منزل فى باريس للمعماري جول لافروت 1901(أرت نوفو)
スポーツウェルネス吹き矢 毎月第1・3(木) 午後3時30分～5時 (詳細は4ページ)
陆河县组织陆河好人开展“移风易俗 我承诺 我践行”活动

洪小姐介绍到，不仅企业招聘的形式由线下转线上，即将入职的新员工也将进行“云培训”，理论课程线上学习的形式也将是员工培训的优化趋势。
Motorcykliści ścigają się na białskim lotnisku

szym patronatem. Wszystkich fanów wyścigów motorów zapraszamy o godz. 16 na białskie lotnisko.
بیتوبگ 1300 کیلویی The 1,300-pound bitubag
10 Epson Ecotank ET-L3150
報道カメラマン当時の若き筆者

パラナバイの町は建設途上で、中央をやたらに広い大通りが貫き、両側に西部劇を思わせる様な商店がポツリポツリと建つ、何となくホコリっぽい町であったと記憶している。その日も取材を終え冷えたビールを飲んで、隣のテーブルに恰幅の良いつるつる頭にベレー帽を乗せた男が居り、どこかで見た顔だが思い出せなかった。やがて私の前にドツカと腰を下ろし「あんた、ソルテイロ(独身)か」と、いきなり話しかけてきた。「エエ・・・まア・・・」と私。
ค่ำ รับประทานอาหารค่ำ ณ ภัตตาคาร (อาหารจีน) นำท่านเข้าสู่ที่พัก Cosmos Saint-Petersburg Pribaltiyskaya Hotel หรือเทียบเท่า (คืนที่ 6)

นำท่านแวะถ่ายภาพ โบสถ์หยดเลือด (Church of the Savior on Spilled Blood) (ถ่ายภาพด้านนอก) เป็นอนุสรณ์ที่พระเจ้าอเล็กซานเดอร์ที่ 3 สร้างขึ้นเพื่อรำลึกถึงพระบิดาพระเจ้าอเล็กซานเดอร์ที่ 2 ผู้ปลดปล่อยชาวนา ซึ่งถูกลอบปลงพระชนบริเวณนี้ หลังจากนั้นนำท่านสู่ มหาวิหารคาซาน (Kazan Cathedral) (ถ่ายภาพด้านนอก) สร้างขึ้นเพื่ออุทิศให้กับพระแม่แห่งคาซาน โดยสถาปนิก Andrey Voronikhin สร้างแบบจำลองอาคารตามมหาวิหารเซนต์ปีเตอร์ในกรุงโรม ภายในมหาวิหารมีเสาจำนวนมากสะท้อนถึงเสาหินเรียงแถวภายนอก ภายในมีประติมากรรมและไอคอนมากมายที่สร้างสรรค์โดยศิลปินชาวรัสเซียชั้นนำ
----------------
§ **Directions for this task**
Give back exactly the lines running from the line that has "ค่ำ รับประทานอาหารค่ำ ณ" to the end of the entries above.

§ **Result of this task**
ค่ำ รับประทานอาหารค่ำ ณ ภัตตาคาร (อาหารจีน) นำท่านเข้าสู่ที่พัก Cosmos Saint-Petersburg Pribaltiyskaya Hotel หรือเทียบเท่า (คืนที่ 6)

นำท่านแวะถ่ายภาพ โบสถ์หยดเลือด (Church of the Savior on Spilled Blood) (ถ่ายภาพด้านนอก) เป็นอนุสรณ์ที่พระเจ้าอเล็กซานเดอร์ที่ 3 สร้างขึ้นเพื่อรำลึกถึงพระบิดาพระเจ้าอเล็กซานเดอร์ที่ 2 ผู้ปลดปล่อยชาวนา ซึ่งถูกลอบปลงพระชนบริเวณนี้ หลังจากนั้นนำท่านสู่ มหาวิหารคาซาน (Kazan Cathedral) (ถ่ายภาพด้านนอก) สร้างขึ้นเพื่ออุทิศให้กับพระแม่แห่งคาซาน โดยสถาปนิก Andrey Voronikhin สร้างแบบจำลองอาคารตามมหาวิหารเซนต์ปีเตอร์ในกรุงโรม ภายในมหาวิหารมีเสาจำนวนมากสะท้อนถึงเสาหินเรียงแถวภายนอก ภายในมีประติมากรรมและไอคอนมากมายที่สร้างสรรค์โดยศิลปินชาวรัสเซียชั้นนำ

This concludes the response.